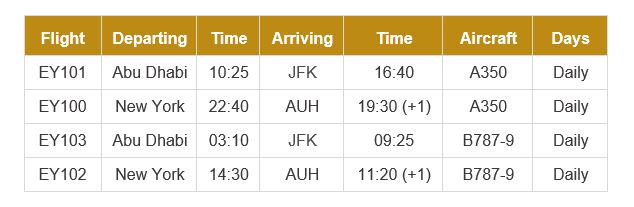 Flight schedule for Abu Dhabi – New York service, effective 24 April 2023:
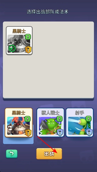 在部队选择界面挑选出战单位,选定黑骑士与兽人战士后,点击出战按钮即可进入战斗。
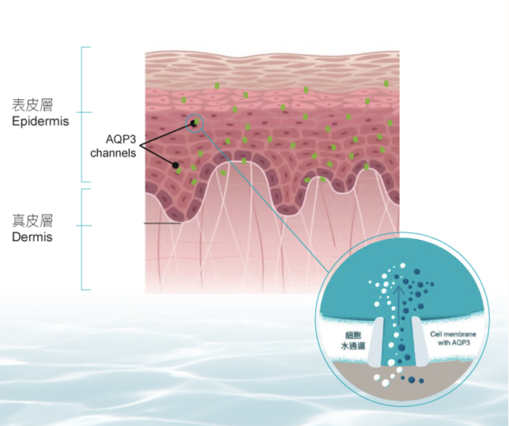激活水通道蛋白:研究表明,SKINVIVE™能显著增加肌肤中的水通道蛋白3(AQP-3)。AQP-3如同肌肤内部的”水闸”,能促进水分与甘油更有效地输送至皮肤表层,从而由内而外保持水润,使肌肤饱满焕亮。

+===+

Render the data above verbatim and without pictures.

 Flight schedule for Abu Dhabi – New York service, effective 24 April 2023:
 在部队选择界面挑选出战单位,选定黑骑士与兽人战士后,点击出战按钮即可进入战斗。
激活水通道蛋白:研究表明,SKINVIVE™能显著增加肌肤中的水通道蛋白3(AQP-3)。AQP-3如同肌肤内部的”水闸”,能促进水分与甘油更有效地输送至皮肤表层,从而由内而外保持水润,使肌肤饱满焕亮。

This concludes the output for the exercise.